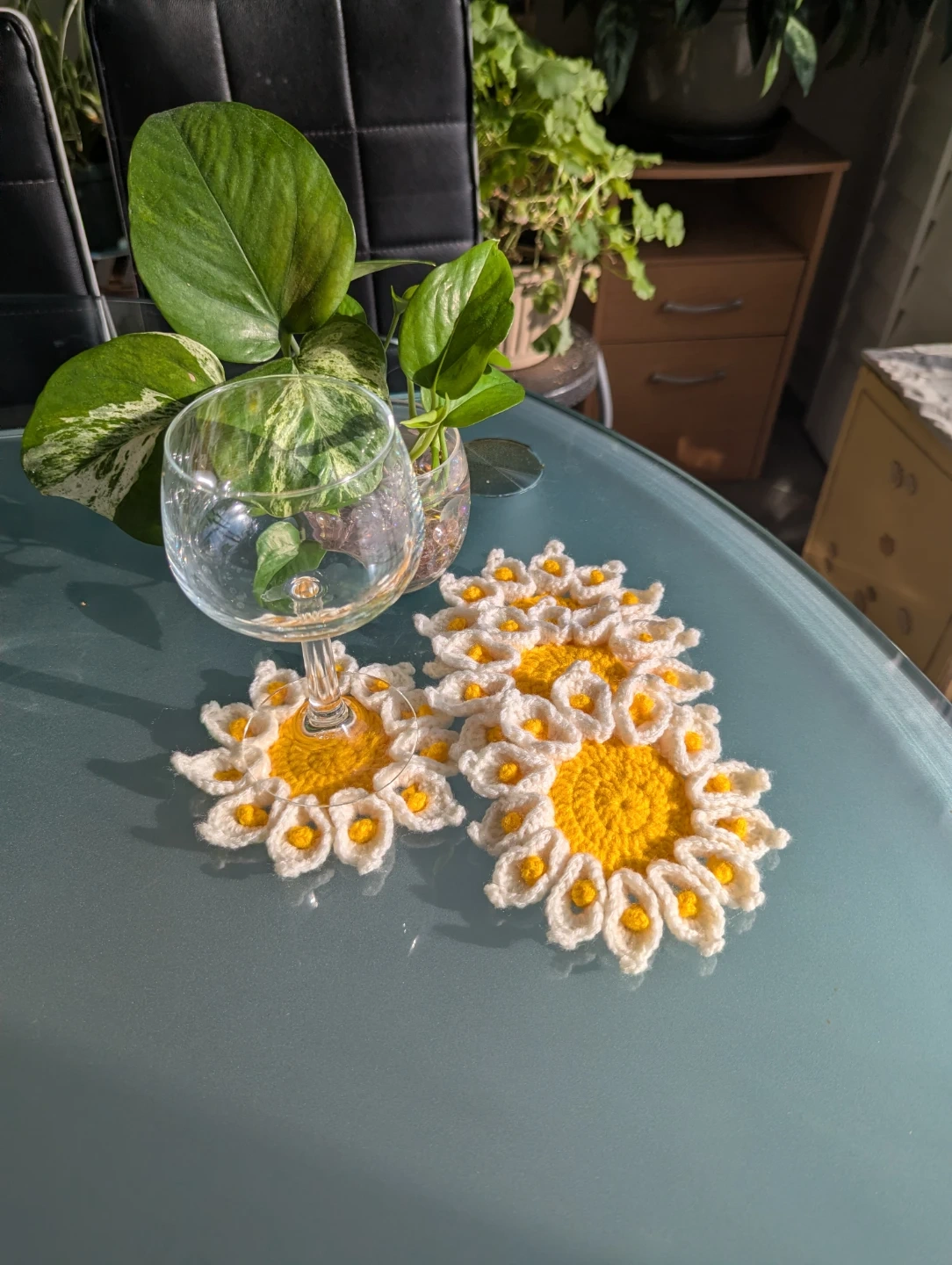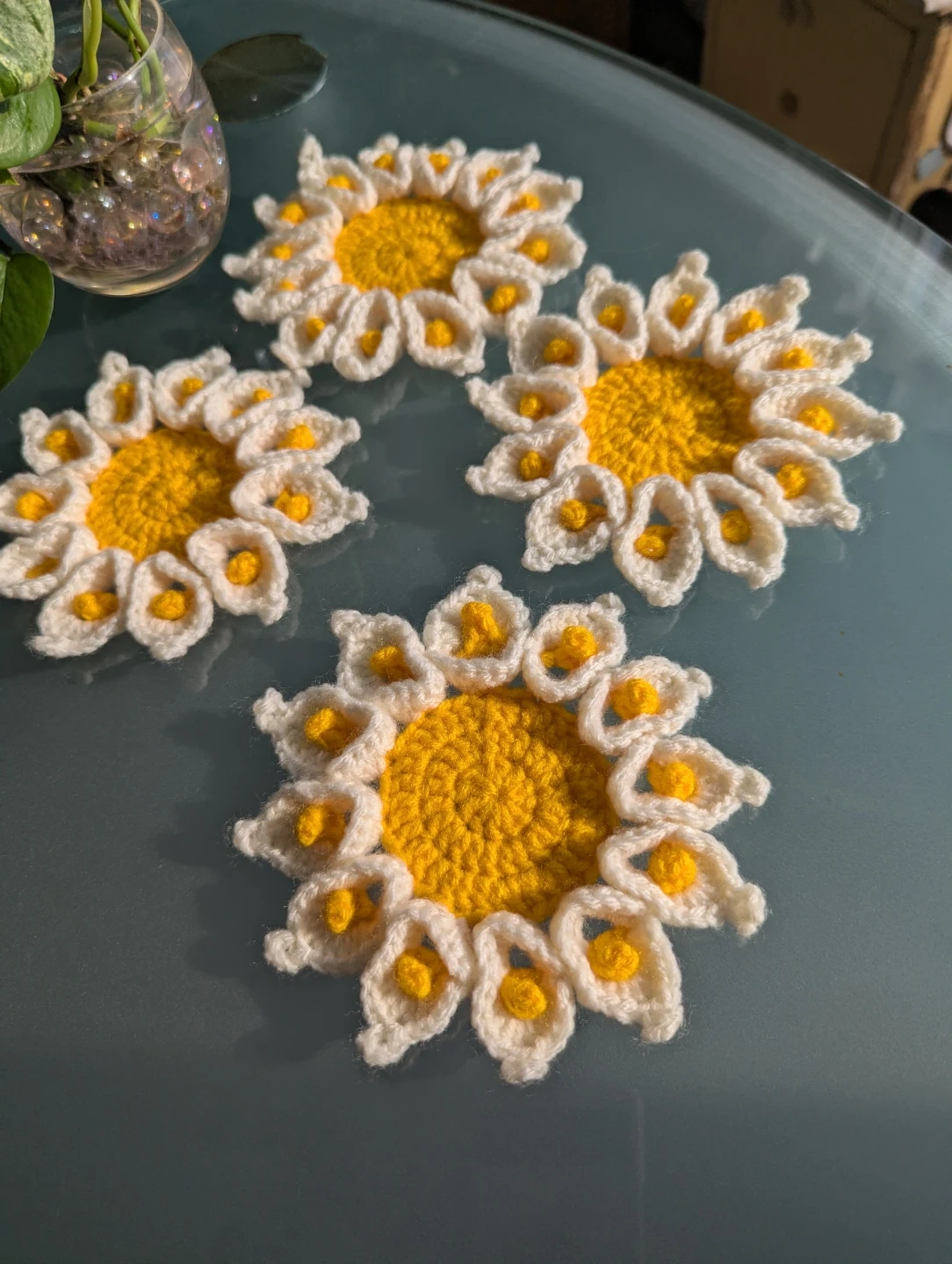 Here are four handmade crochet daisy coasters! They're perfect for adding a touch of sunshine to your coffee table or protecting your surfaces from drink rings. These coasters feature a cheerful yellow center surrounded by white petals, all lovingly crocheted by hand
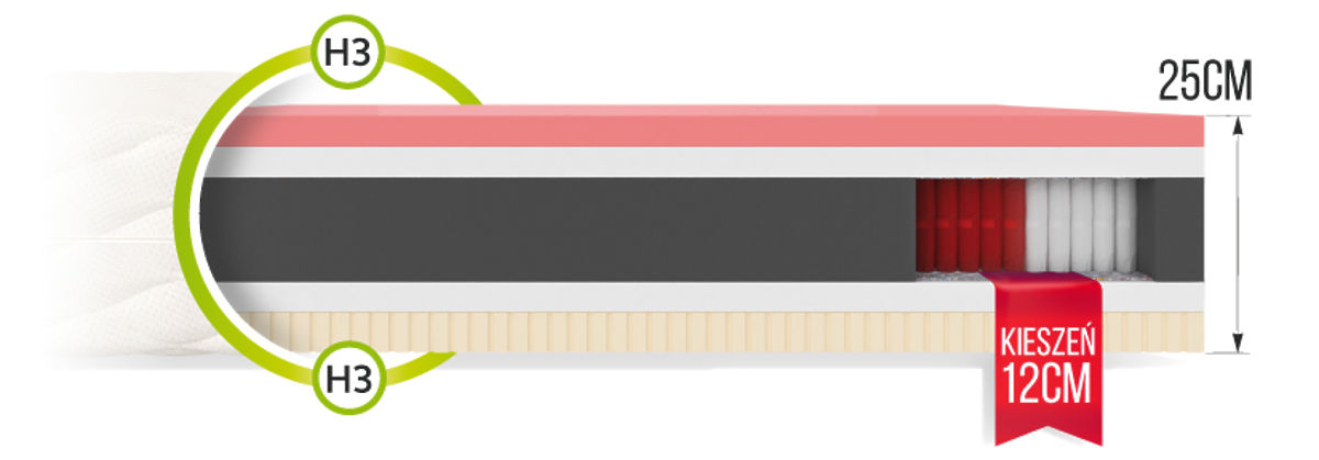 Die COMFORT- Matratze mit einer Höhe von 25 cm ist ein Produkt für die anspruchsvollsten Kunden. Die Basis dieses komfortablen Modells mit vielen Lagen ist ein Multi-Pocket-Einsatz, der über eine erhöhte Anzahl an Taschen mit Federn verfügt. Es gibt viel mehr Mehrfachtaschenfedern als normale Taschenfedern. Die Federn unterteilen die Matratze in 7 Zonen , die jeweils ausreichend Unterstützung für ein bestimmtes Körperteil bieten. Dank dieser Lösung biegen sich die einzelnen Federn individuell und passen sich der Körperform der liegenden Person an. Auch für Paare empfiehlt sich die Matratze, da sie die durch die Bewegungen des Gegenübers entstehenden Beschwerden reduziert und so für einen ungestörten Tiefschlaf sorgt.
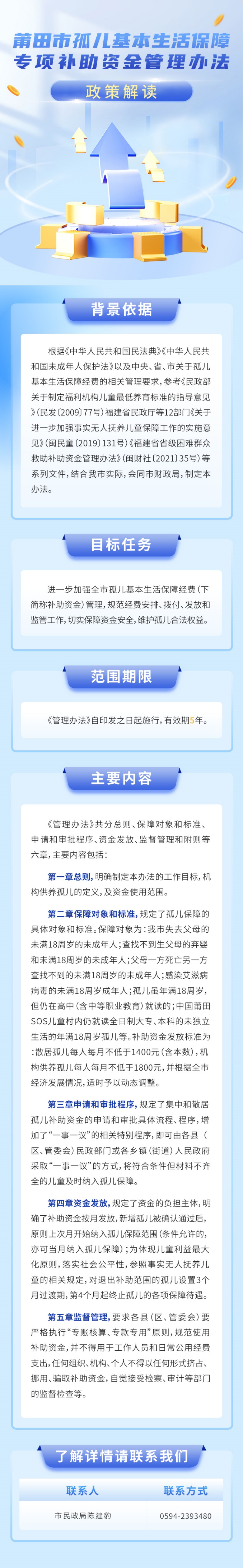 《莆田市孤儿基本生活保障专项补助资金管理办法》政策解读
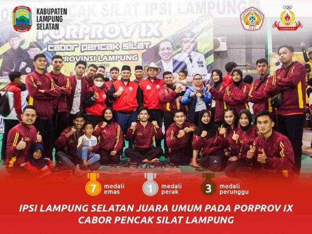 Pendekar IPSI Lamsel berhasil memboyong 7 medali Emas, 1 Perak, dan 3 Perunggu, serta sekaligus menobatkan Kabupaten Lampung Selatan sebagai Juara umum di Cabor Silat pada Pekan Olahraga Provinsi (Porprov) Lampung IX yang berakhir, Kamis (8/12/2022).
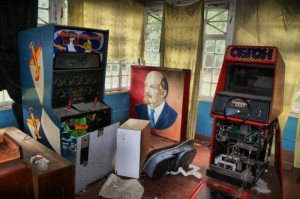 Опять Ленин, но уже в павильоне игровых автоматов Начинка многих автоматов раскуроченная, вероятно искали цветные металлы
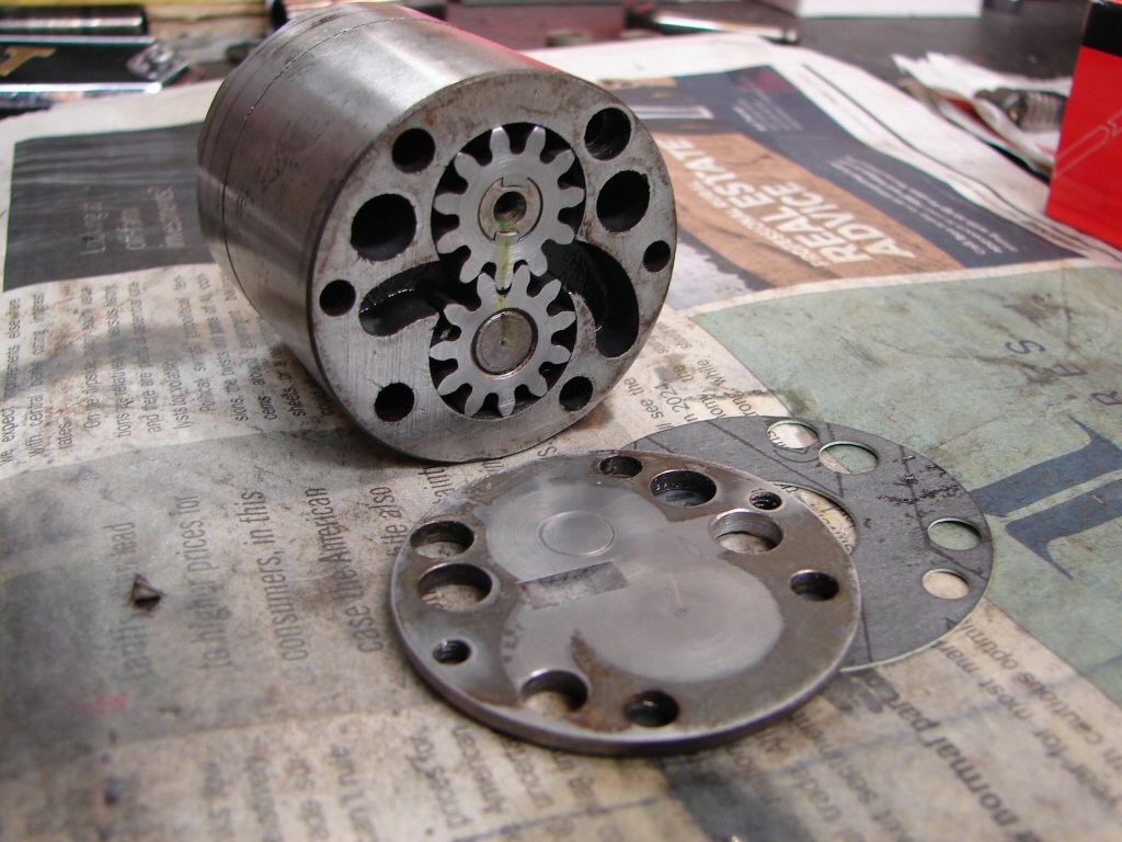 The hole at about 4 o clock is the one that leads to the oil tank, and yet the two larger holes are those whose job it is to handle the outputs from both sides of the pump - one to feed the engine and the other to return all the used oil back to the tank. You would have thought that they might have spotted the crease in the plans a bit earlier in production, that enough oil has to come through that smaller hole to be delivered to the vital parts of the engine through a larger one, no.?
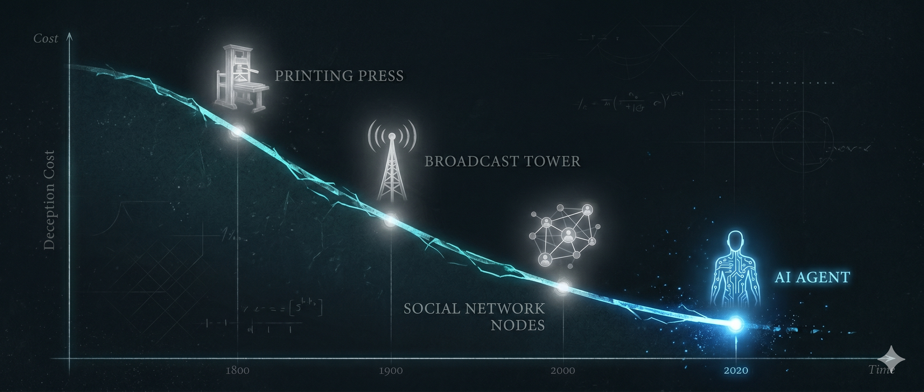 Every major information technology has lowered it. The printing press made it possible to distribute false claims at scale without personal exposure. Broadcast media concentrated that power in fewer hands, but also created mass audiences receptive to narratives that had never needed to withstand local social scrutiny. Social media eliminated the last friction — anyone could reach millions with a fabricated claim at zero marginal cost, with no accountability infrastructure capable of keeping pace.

### WORK INSTRUCTION
Treat the line with "Pendekar IPSI Lamsel" as the start and the line with "Опять Ленин, но" as the end, and return exactly that span of the data above, both ends included, without pictures.

### EXERCISE RESULT
 Pendekar IPSI Lamsel berhasil memboyong 7 medali Emas, 1 Perak, dan 3 Perunggu, serta sekaligus menobatkan Kabupaten Lampung Selatan sebagai Juara umum di Cabor Silat pada Pekan Olahraga Provinsi (Porprov) Lampung IX yang berakhir, Kamis (8/12/2022).
 Опять Ленин, но уже в павильоне игровых автоматов Начинка многих автоматов раскуроченная, вероятно искали цветные металлы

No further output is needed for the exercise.